Une recherche « filtre à huile » retrouve la référence MANN parce que le libellé contient bien ces mots, pas malgré leur absence : c'est cette reconnaissance-là, sur le seul registre des mots, qui produit l'annotation de famille — le numéro n'y prend aucune part, il reste une identité parallèle plutôt qu'un ingrédient de la recherche par famille.

Au-delà de la famille : essieu, côté, motorisation

Un distributeur de pièces détachées ne vend pas seulement des familles de pièces : il vend des pièces compatibles avec un essieu (avant ou arrière), un côté (gauche ou droit) et une motorisation — y compris ses désignations commerciales (HDi, TDi, TSI). Ces informations sont rarement présentes dans le libellé produit sous une forme qu'une recherche textuelle classique peut exploiter seule.

« Plaquettes avant » et « arrière » doivent être compris comme un couple, pas comme deux mots isolés que le moteur additionnerait au hasard : l'essieu qualifie la pièce, il ne s'y ajoute pas. Une recherche pour un train avant ne doit jamais faire remonter une référence arrière en tête de liste, même si les deux libellés partagent l'essentiel de leurs mots.

Ce que ça coûte, concrètement

Une plaquette montée sur le mauvais essieu revient au comptoir — parfois après montage. Pour un distributeur, ce n'est pas un clic perdu : c'est un retour, un avoir, et un client qui recommande deux fois pour recevoir une fois. Le coût logistique et SAV d'une mauvaise référence dépasse largement celui d'une recherche qui prend trois secondes de plus.

Deux limites assumées

Le pack ne construit aucune table d'équivalence automatique entre équipementiers : une référence Bosch et son équivalent chez MANN ou Valeo ne sont pas reliées par défaut. Ce n'est pas une lacune à combler dans une prochaine version — une règle reconnaît une forme, une équivalence est une correspondance entre deux catalogues propriétaires ; aucune règle, aussi bien écrite soit-elle, ne peut produire cette information à partir du texte seul.

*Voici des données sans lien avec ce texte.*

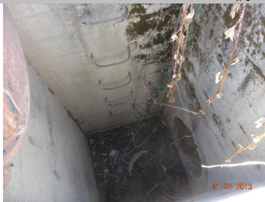
Inside view of concrete distribution box.

Il ne reconnaît pas non plus, par défaut, une référence constructeur (OEM) — 7701206339 chez Renault, 06A115561B chez VAG. Un client qui tape sa référence d'origine plutôt que celle d'un équipementier n'obtient rien tant que cette référence n'est pas indexée ailleurs.

Le correctif est le même dans les deux cas : reporter les références manquantes — d'origine ou d'un équipementier tiers — dans un champ indexé dédié. Le moteur les trouve alors comme du texte, au même titre que n'importe quel autre champ produit, sans annotation ni règle spécifique. La Custom Rule, elle, sert à autre chose : apprendre au moteur la convention de numérotation d'un équipementier qu'il ne reconnaît pas encore — pas à relier deux équipementiers entre eux.

Pour la suite

Si votre catalogue de pièces détachées est déjà structuré par essieu, côté et motorisation, le pack automobile les reconnaît sans configuration supplémentaire dès le premier import. S'il vous manque des références constructeur ou une correspondance entre équipementiers, un champ indexé dédié les rend cherchables — sans attendre une mise à jour du moteur pour les prendre en compte.